### Provided records
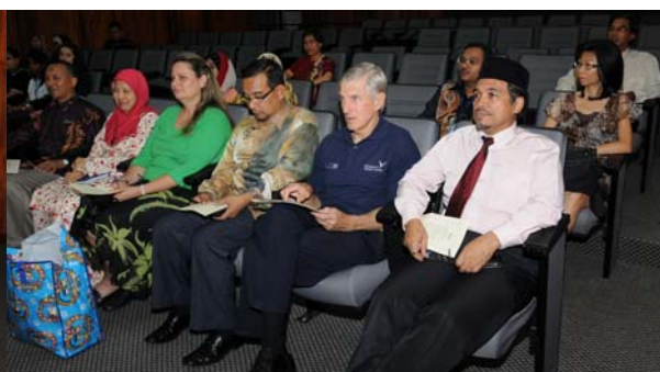
A session during the Closing Ceremony
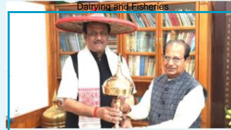
Sh. Jagdish Mukhi, Governor of Assam
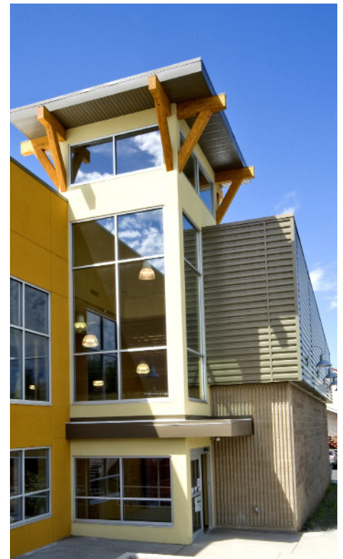
Town and Country Foods, Bozeman, MT

Additional product information is available from the manufacturer upon request. Metal Sales product information may be found in McGraw-Hill Sweets, ARCAT.
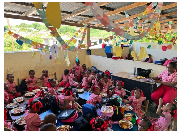
Lunch for the Kinder class
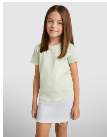
BREDA KIDS K6698
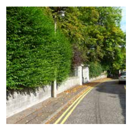
Mature trees create a sense of privacy and enclosure

Trees make up a key component of the character of the Crescents Conservation Area where mature trees collectively make a significant contribution to the overall look of the area.
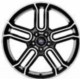
20" Painted-Black Aluminum with Machined Face Included with SEL Appearance Package

7 Charcoal Black Leather with Gray Alcantara ® Suede Perforated Inserts – Standard on SEL Appearance Package

### Exercise objective
From the line that contains "Trees make up" through the last line of the listing, copy each line exactly; both end lines stay in, and pictures stay out.

### Task output
Trees make up a key component of the character of the Crescents Conservation Area where mature trees collectively make a significant contribution to the overall look of the area.
20" Painted-Black Aluminum with Machined Face Included with SEL Appearance Package

7 Charcoal Black Leather with Gray Alcantara ® Suede Perforated Inserts – Standard on SEL Appearance Package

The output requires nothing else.